Local brokerages and banks have been moving to secure stakes in crypto exchanges, betting on the sector’s future growth.

Samsung Securities and its affiliates Samsung SDS and Samsung Card jointly acquired a 4 percent stake in Dunamu, the operator of the country’s largest crypto exchange Upbit. Hanwha Investment & Securities also raised its stake in Dunamu from 5.93 percent to 9.84 percent, joining Hana Bank, which owns a 6.55 percent stake in the operator.

The country’s No. 2 crypto exchange, Bithumb, has also attracted interest from securities firms such as Kiwoom Securities. Korea Investment & Securities acquired a 20 percent stake in Coinone, another major crypto exchange here.

While these investments were limited to minority stakes, Mirae Asset’s acquisition of a controlling stake in Korbit represents a far more significant step, opening the door for financial groups to own and operate cryptocurrency exchanges.

“While local financial institutions have been looking for ways to partner with crypto exchanges in response to the evolving investment landscape, the deal opens a new chapter for the industry,” an official at a local crypto exchange said.

Greenlight for Naver-Dunamu?

The approval of Mirae Asset’s acquisition of Korbit has also turned attention to another pending deal: the proposed merger of Dunamu and Naver Financial, which is currently under review by the antitrust watchdog.

The two companies filed for antitrust approval in November last year, but the regulator has yet to reach a decision.

As the review has dragged on, the timeline for their share swap has been postponed twice. Originally scheduled to close by the end of June, the transaction is now expected to be completed by the end of December.

But approval for the Naver-Dunamu merger remains murky due to its different implications for market competition.

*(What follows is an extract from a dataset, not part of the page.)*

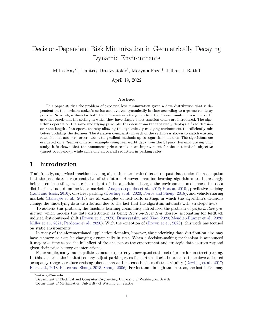 This paper studies the problem of expected loss minimization given a data distribution that is dependent on the decision-maker's action and evolves dynamically in time according to a geometric decay process. Novel algorithms for both the information setting in which the decision-maker has a first order gradient oracle and the setting in which they have simply a loss function oracle are introduced. The algorithms operate on the same underlying principle: the decision-maker repeatedly deploys a fixed decision over the length of an epoch, thereby allowing the dynamically changing environment to sufficiently mix before updating the decision. The iteration complexity in each of the settings is shown to match existing rates for first and zero order stochastic gradient methods up to logarithmic factors. The algorithms are evaluated on a "semi-synthetic" example using real world data from the SFpark dynamic pricing pilot study; it is shown that the announced prices result in an improvement for the institution's objective (target occupancy), while achieving an overall reduction in parking rates.

Given Korbit’s market share of just 0.5 percent, the FTC approved Mirae Asset’s acquisition on the grounds that “the restructuring of the digital finance market and innovation in financial services to foster greater competition in the market.”

On the other hand, Dunamu and Naver Financial are both dominant players in their respective markets. Upbit is the largest crypto exchange here, with a market share of nearly 70 percent. Naver Financial is the country’s largest digital payments platform.

Furthermore, with Naver Financial’s reach extending well beyond digital payments, the FTC is expected to assess the broader ecosystem that could emerge from the deal. The merger could create an integrated platform that expands beyond payments to connect crypto assets with real-world financial services.

Naver’s recent investment in US stablecoin payments platform Rain has fueled speculation that the company is laying the groundwork for a broader push into e-commerce powered by digital assets.

Through its Silicon Valley-based investment arm Naver Ventures, the company joined Rain’s $250 million Series C funding round. Although the size of its investment was not disclosed, the deal underscores Naver’s ambitions to expand stablecoin-based payment services globally ahead of Naver Financial’s planned merger with Dunamu.